The most common view authors had of their data was a simple list of objects of the same class, as seen in Figure 6.3.
The objects are in alphabetical order. They can be filtered to find all of the objects that have the same piece of data in the same slot, such as the same substring in a string field, or else all objects referencing the same question.
As seen in this Figure 6.3, authors dealing with large amounts of data (usually at the point where they were building a prototype, as opposed to a walkthrough) found ways to circumvent the alphabetization by using preceding symbols to categorize the answers. Other groups of authors used numbers instead of symbols, but the effect is the same--authors wanted to categorize their data.
All objects in INDIE can be tagged. A tag is simply a word or phrase that can be easily added to an object, and finding all the objects that have that same tag can be an effective way to group objects. Authors almost completely failed to use the ``Tag'' mechanism to group their points, preferring to survey the data from the list format.
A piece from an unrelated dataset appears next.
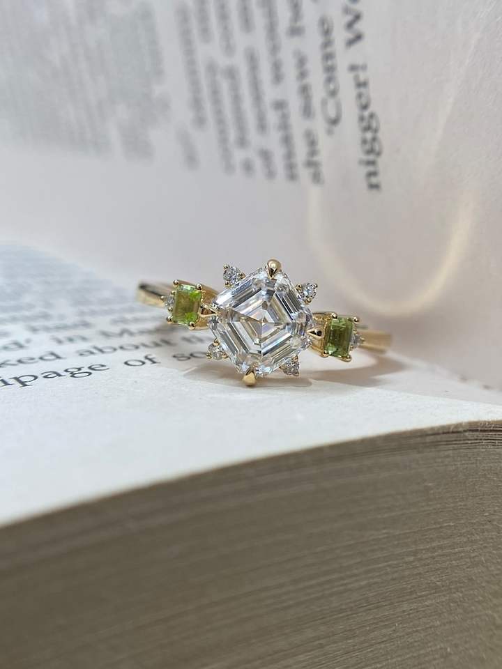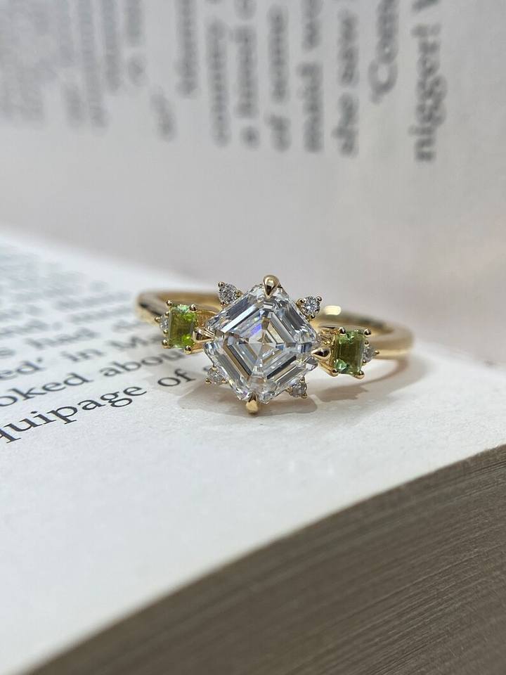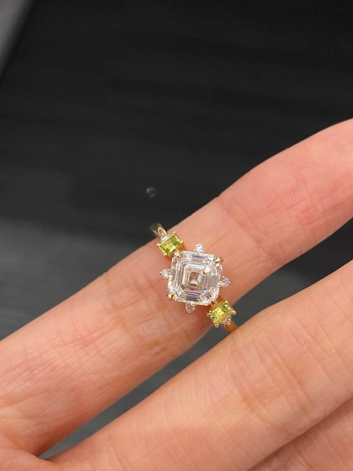 1.51CT VS1 Asscher Cut Lab Grown Diamond Trois Stone Ring 14K Solid Gold Fine Wedding Stunning Proposal Gift for Girlfriends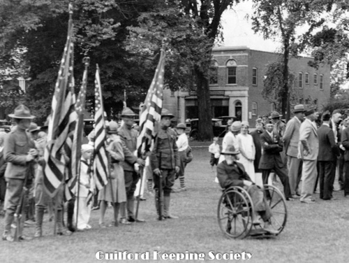 WWI veterans assembled Memorial Day, 1925, Douden Drug store 87 Whitfield St in background, Daniel Sullivan in wheelchair, Ernest Griswold flag-bearer on left, from Anna Jo Harrison July 2003

Also, many authors didn't try the tag mechanism as they didn't know what it was, while other authors who were trained on the use of tags stopped using them early on. One Rembrandt author in particular, when tags came up during the exit interview, said ``Tags, right, I guess we could have used those. We must have forgotten about them.''
The lesson we might learn is: Authors need to be reminded of features. Either we need to make tags more explicit (perhaps making them visible in the big lists of data instead of just sorting criteria), or at least we need to directly remind them. Perhaps we could take a leaf from Microsoft Office [Microsoft 1996] and pop up helpful reminders a few sentences long during startup or during long saves.